01:14 <mrvn> If ram is of concern you can compress the dictionary tree somewhat.

01:14 <karryall> mrvn: I use then uncompressed but maybe I was wrong in calling these "tries"

01:15 <mrvn> Instead of storing allways one char on each edge you can store a string if there is no branching.

01:15 <teratorn> usually i could eliminate a word after the first 2 or 3 letters

01:15 <teratorn> isntead of eliminating after the first 1 or 2 chars, for each comaprrison in the binary search

01:16 <mrvn> teratorn: A tree is definitly the right way.

01:17 <mrvn> That gives you a O(n) algorithm after setup phase. You only ever look at each char once.

01:18 <teratorn> right get the char, see if the path in the dict tree can continue

01:19 rhil|brb is now known as rhil

01:19 <teratorn> well thanks mrvn and karryall

01:19 * teratorn &

01:20 <mrvn> Try replacing all whitespaces by ' ' when you remove 1337 talk and the like. Maybe thats quicker.

02:19 Smerdyakov has quit ["reboot because computer is dodgy"]

02:24 <teratorn> freakin tuareg-mode indentation

02:24 <teratorn> is it know to be bugged or what?

02:24 <teratorn> *known

02:26 <gl> ictp contest was hardcore

02:26 <gl> *icfp

02:27 <Riastradh> teratorn, what's wrong with it?

02:27 <teratorn> it's not matching up if's and else's right when they are nested

02:27 <teratorn> i don't think..

02:39 Smerdyakov has joined #ocaml

02:41 <teratorn> damn this sucks. if you have several nested if's and only one trailing else, it's ambiguous which if-block the else goes with

02:45 <teratorn> has anyone had this problem?

02:45 <Smerdyakov> Problem in what sense? As a user of a programming language with this syntax?

02:46 <teratorn> sure

02:46 <Smerdyakov> It's not a very big problem.. just use parentheses :P

02:46 <teratorn> having a bunch of else () kinda sucks

02:47 <teratorn> `/o but it was only fantasy `/o

02:47 <teratorn> `/o the wall was too high / as you can see `/o

02:47 <teratorn> `/o no matter how he tried / he could not break free `/o

02:48 <teratorn> `/o and the worms ate into his brain `/o

02:48 <Smerdyakov> Well, pretty much every language has this "problem." (I put it in quotes because people don't really agree on what the "right" grouping is.)

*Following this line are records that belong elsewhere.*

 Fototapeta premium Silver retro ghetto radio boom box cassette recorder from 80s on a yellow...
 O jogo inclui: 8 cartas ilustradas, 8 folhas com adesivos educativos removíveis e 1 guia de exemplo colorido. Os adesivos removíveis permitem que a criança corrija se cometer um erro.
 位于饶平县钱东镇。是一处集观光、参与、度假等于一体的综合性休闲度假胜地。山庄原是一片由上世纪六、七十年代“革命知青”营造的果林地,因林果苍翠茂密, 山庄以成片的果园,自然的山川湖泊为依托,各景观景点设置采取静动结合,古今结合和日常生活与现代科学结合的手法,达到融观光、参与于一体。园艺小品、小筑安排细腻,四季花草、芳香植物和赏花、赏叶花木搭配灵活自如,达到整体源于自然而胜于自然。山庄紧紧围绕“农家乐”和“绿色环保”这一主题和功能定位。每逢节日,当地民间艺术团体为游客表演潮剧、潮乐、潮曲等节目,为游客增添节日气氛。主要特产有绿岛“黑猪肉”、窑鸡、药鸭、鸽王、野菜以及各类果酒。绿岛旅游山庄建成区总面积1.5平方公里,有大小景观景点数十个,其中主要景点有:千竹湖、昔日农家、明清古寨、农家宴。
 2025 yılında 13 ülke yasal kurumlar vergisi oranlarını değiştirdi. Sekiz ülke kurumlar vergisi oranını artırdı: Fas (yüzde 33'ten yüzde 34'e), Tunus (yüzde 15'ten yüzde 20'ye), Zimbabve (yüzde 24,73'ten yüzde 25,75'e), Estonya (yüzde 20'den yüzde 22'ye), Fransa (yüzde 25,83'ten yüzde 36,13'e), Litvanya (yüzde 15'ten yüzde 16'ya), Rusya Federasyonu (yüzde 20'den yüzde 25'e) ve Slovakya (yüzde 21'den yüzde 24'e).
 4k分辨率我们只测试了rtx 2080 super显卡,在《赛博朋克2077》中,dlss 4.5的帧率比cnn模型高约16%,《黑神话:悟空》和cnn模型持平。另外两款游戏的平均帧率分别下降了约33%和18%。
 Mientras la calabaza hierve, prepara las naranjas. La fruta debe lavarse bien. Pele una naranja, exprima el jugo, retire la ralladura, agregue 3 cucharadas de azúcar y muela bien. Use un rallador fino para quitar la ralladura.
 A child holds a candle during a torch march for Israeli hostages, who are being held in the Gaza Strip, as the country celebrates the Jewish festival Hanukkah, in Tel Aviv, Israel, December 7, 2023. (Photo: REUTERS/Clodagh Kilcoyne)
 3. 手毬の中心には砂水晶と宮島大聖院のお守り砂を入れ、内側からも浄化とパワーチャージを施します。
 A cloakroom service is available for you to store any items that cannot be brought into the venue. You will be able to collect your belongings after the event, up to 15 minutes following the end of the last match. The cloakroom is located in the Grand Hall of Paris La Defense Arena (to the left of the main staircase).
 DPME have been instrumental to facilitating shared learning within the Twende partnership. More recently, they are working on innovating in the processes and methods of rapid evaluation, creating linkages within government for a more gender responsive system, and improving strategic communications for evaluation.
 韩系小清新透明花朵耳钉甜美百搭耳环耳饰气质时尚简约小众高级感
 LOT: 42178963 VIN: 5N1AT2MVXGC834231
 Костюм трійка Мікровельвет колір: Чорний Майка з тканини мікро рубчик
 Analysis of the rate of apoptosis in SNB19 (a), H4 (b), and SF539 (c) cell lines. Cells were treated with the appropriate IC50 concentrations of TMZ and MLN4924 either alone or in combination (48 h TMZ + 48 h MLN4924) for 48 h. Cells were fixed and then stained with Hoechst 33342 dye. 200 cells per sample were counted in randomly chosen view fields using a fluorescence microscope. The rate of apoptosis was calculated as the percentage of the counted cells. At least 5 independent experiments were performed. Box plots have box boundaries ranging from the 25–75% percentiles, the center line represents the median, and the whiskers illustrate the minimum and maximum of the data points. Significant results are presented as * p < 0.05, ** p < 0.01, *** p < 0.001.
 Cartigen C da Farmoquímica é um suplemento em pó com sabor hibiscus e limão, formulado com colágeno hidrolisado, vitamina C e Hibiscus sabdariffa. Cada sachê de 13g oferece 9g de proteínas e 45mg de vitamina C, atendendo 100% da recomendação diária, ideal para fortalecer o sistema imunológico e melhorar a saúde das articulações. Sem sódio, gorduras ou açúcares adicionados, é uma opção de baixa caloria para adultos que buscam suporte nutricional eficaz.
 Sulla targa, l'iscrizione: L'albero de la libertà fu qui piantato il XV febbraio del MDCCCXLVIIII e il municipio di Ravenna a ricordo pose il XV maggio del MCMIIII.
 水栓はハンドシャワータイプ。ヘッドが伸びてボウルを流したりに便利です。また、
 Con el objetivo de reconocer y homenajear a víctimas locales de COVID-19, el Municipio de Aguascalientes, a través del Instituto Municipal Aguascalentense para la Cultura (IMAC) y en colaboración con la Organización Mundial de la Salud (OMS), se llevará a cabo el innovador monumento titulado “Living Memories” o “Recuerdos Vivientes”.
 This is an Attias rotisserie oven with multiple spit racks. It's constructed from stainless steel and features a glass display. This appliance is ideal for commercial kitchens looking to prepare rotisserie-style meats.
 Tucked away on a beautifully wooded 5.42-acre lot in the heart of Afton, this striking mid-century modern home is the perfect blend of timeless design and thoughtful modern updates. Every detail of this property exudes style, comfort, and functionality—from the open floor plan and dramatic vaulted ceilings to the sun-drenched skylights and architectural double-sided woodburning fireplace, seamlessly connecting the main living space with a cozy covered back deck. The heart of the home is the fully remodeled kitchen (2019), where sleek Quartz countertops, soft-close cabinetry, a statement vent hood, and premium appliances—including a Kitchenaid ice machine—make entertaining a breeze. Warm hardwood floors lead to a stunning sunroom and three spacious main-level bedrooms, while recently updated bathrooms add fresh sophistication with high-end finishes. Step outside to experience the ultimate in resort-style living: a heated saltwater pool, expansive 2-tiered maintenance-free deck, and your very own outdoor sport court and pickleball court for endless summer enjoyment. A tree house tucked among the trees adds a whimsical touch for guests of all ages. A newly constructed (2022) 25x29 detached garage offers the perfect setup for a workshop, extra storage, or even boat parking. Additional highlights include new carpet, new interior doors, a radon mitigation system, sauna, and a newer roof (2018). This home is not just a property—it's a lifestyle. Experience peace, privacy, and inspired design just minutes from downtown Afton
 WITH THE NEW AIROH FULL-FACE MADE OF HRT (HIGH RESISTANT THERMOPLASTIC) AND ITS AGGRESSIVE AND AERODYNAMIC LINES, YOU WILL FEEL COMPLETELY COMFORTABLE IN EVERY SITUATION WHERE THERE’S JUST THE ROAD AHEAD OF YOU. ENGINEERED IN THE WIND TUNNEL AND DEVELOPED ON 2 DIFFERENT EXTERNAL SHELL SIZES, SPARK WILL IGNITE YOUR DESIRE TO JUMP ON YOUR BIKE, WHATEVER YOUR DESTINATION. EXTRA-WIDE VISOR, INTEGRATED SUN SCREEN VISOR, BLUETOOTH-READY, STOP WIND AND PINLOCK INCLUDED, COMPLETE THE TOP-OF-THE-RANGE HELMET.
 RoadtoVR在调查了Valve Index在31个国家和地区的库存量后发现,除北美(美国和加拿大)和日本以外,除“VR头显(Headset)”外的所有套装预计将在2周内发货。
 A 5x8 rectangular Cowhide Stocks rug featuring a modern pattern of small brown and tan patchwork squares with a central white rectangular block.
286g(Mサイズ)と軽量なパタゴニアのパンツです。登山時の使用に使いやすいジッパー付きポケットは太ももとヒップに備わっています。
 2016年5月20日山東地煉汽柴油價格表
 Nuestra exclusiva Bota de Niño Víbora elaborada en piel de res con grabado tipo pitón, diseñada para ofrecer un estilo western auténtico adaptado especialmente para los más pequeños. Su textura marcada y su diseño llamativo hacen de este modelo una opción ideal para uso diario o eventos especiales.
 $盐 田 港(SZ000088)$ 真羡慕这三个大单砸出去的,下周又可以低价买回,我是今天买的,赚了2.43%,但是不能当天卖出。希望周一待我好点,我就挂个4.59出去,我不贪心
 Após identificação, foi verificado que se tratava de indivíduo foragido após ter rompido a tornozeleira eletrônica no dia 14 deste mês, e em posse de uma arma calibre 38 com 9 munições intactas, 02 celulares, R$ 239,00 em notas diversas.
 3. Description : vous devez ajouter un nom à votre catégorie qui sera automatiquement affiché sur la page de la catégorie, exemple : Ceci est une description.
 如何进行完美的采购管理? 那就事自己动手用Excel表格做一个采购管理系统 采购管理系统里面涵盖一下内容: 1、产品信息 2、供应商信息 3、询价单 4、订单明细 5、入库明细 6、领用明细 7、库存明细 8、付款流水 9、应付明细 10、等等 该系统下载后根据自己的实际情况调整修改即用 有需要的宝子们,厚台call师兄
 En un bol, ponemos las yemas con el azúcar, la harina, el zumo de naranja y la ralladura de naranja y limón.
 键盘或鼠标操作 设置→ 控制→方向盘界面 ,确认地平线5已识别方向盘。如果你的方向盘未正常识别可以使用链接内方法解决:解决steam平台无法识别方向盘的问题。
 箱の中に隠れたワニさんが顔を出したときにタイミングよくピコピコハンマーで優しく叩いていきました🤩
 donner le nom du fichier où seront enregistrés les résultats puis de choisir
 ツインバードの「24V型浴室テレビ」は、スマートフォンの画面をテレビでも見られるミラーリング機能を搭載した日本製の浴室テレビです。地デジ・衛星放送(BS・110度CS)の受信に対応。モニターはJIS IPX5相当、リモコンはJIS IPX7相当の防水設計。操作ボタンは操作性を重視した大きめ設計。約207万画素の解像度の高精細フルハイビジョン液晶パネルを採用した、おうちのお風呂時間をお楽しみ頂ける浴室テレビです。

02:48 <Smerdyakov> Well, excluding languages like Lisp, where you'll need the parens anyway :D

02:48 <teratorn> well python doesn't have this problem :) i guess i've been sheltered from languages that do :)

02:49 <Smerdyakov> teratorn, eh? You use indentation in Python, right?

02:49 <teratorn> yep

02:49 <Smerdyakov> So it's even WORSE than in OCaml.

02:49 <teratorn> no :)

02:49 <Smerdyakov> You must indicate grouping for EVERY if..then..else. It NEVER guesses.

02:49 <teratorn> the indentation level tells which if block it corresponds to

02:49 <Smerdyakov> Yes, so you have to do what you are complaining about doing in OCaml...

02:50 <teratorn> eh? no

02:50 <teratorn> the only way i can do it in ocaml (i think) is to close each if with an else, even if it's only else ()

02:50 <Smerdyakov> That's absurd.

02:50 <teratorn> i'm pretty new so i could be missing something

02:51 <Smerdyakov> You don't need to do anything but add parentheses around existing expressions to resolve ambiguities.

02:51 <teratorn> hmm

02:51 <teratorn> oh ok

02:51 <teratorn> :)

02:52 <teratorn> see i told you i'm new to ocaml

02:52 <teratorn> i should have thought of that, i've only been used to using it to resolv ambiguities in function parameters

02:55 <Riastradh> Function arguments are just expressions -- like if expressions.

02:56 <teratorn> yeah

03:00 Kinners has left #ocaml []

03:02 rhil has quit ["leaving"]

03:26 rhil has joined #ocaml

03:32 reltuk has quit [Read error: 104 (Connection reset by peer)]

03:33 rhil has quit [Remote closed the connection]

03:33 rhil has joined #ocaml

03:47 <teratorn> argh

03:48 <teratorn> with input_line channel, there's no way to know if the last line had a newline or now :/

03:48 <teratorn> s/or now/ or not

04:11 reltuk has joined #ocaml

04:33 <teratorn> fuck

04:33 <teratorn> silly input

04:34 <teratorn> "i'll read that many characters unless there aren't any more to read, or unless i just don't feel like it"

04:36 <teratorn> ok, so long as it reads more than 0, then i just keep going... :/

04:41 * teratorn bitches and moans

04:48 <teratorn> well it came out ok <sniff>

05:09 mattam has quit [Read error: 110 (Connection timed out)]

05:27 klamath has joined #ocaml

05:28 klamath has left #ocaml []

06:01 Smerdyakov has quit []

07:32 karryall has quit ["ERC vVersion 3.0 $Revision: 1.328 $ (IRC client for Emacs)"]

08:13 <mrvn> teratorn: "if a then if b then (if c then d else e)" is allways done this way and thats what tuareg indents.

08:24 pattern__ has quit [Read error: 110 (Connection timed out)]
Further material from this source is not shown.